Aphantasia

Aphantasia

I have Aphantasia

Some of you may know that I have something that is called Aphantasia.  It isn’t something that most people know about, so I thought I’d take a few minutes to tell you about Aphantasia and how it affects me on a day to day basis.

 

Aphan-what?  Aphantasia.  Pronounced ay-fan-tay-sia. 

 

Aphantasia is a phenomenon in which people are unable to visualize imagery. People with aphantasia are unable to call up images in their mind’s eye, or can pull up only very limited images.

 

So what does that mean? 

 

It seems that most people when asked to picture an apple, can call up an actual picture of an apple in their mind.  Some can call up a very sharp image, and some can call up images with less detail – or “fuzzier.”  For people with aphantasia, they don’t see any image of an apple at all. 

 

Some people with aphantasia can call up very limited images, I cannot.

 

So what happens when someone asks me to picture an apple?  Nothing. I can tell you a list of characteristics I know to be true about apples.  But I don’t actually see any image at all. 

 

Working on mindfulness exercise once I was asked to close your my and imagine your worries going by in boxes on a conveyer belt, and just…..let them go by.  I started laughing. I then explained that I can’t picture things, and was asked what I saw when I closed my eyes and tried to imagine, my response was, “the back of my eyelids.” (Also, I couldn’t help but wonder who would pick up the boxes of worries when they fell on the floor.)

 

How does having Aphantasia impact my daily life? 

 

It doesn’t have any impact on physical health or intellectual health.

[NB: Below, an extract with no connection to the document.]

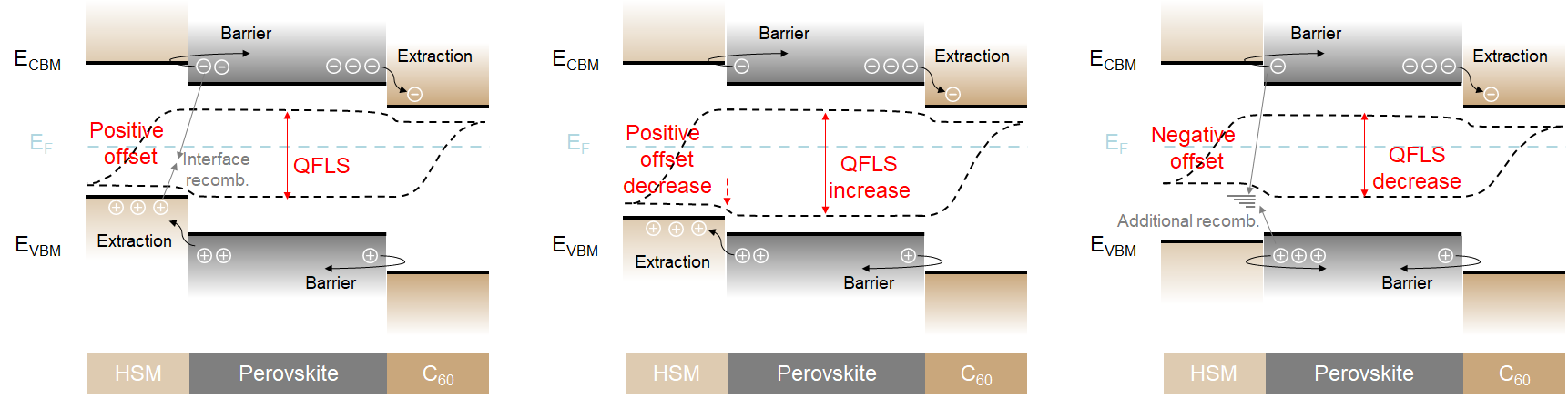 图2. 空穴选择界面能级排布优化抑制界面光生电荷复合

For me, the biggest negative thing about it is that I can’t pull up pictures in my head of loved ones. Especially those who have passed on. 

 

I am obsessed with taking photographs and it’s likely because of this. When my kids were small, I worried that I wouldn’t remember what they were wearing if I needed to.

 

I can’t “picture” where I put things. I have a hard time imagining things like – how to decorate a house or paint a room because I can’t imagine it first. I suck at memory games and puzzles, but am great at word games. When asked to picture or describe something, I do it in words and lists. 

 

Interestingly I, like some other folks, do occasionally see images in my dreams.  Most of the time I dream in narration – like a running dialogue. But once in a while I get a few images.

 

There are probably some other ways it impacts me, but because this is how I can always remember being, it took a while to start figuring out what things were related to the aphantasia. Every once in a while I realize a new thing about it.  

 

So that is what Aphantasia is, and how it impacts me.  Please let me know if you have any questions!